P2‐225: Differential expression of beta‐amyloid fragments in crude brain lysate samples using immunoassay TOF mass spectrometry

Background: Beta amyloid fragment deposits in the brain are associated with the onset of neurodegenerative diseases, including Alzheimer’s disease. The use of TOF mass spectrometry in measuring these fragments has the advantage of eliminating cross-reactivity errors associated with other methods such as ELISA, and allows for simultaneous detection of numerous fragments from any sample. Methods: Immuno-specific surfaces were prepared using ProteinChip array functionalized with amino groups. These reactive surfaces were used to immobilize 6E10 monoclonal antibody, specific to N-terminus beta-amyloid fragments. Negative control surfaces were prepared by using non-specific bovine IgG in place of 6E10 on the same reactive surfaces. Artificial CSF was used to prepare calibration material and internal standard. Fragments 1-33, 1-38, 1-40, and 1-42 were spiked across a range of concentration to prepare calibration material.
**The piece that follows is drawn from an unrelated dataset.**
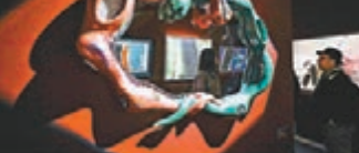
■參觀者觀看藝術展品

「保持對事物好奇心，你就永遠活着。哪一天你不再 有疑問了，就和死去再沒區別。」——妮基·聖法爾

Non-naturally occurring fragment Cys 1-24 was selected to prepare internal standard, as it is recognized by 6E10 Mab. Six human brain frontal cortex samples were analyzed, three from Alzheimer’s diagnosed and three from non Alzheimer’s sources. These samples were lysed in the presence of TUC, DTT, and protease inhibitors. The lysed samples were diluted in artificial CSF and applied directly to both 6E10 and Bovine IgG immobilized surfaces. After wash and desalting steps, alpha-cyano-4-hydroxycinnamic acid was applied and the targets were assayed in a Bruker ultrafleXtreme mass spectrometer. Results: Differential expression of Beta Amyloid fragments was observed. In known Alzheimer’s frontal brain cortex lysate multiple fragments were detected on the 6E10 surface and not on the control Bovine IgG surface. The non-Alzheimers frontal brain cortex lysate samples showed no beta-amyloid fragments on either surface type. Quantitative results were reported using calibration generated in artificial CSF. The use of an internal standard was shown to help minimize variability and improve results. The use of pre-coupled antibody arrays further reduces assay time and increases assay reproducibility. Conclusions: TOF mass spectrometry has been used to successfully develop a method for the detection of beta-amyloid fragments from human brain tissue. Quantitative results are obtained using calibration materials and internal standard. Multiple fragments are simultaneously monitored and differences are detected in diseased vs. normal brains.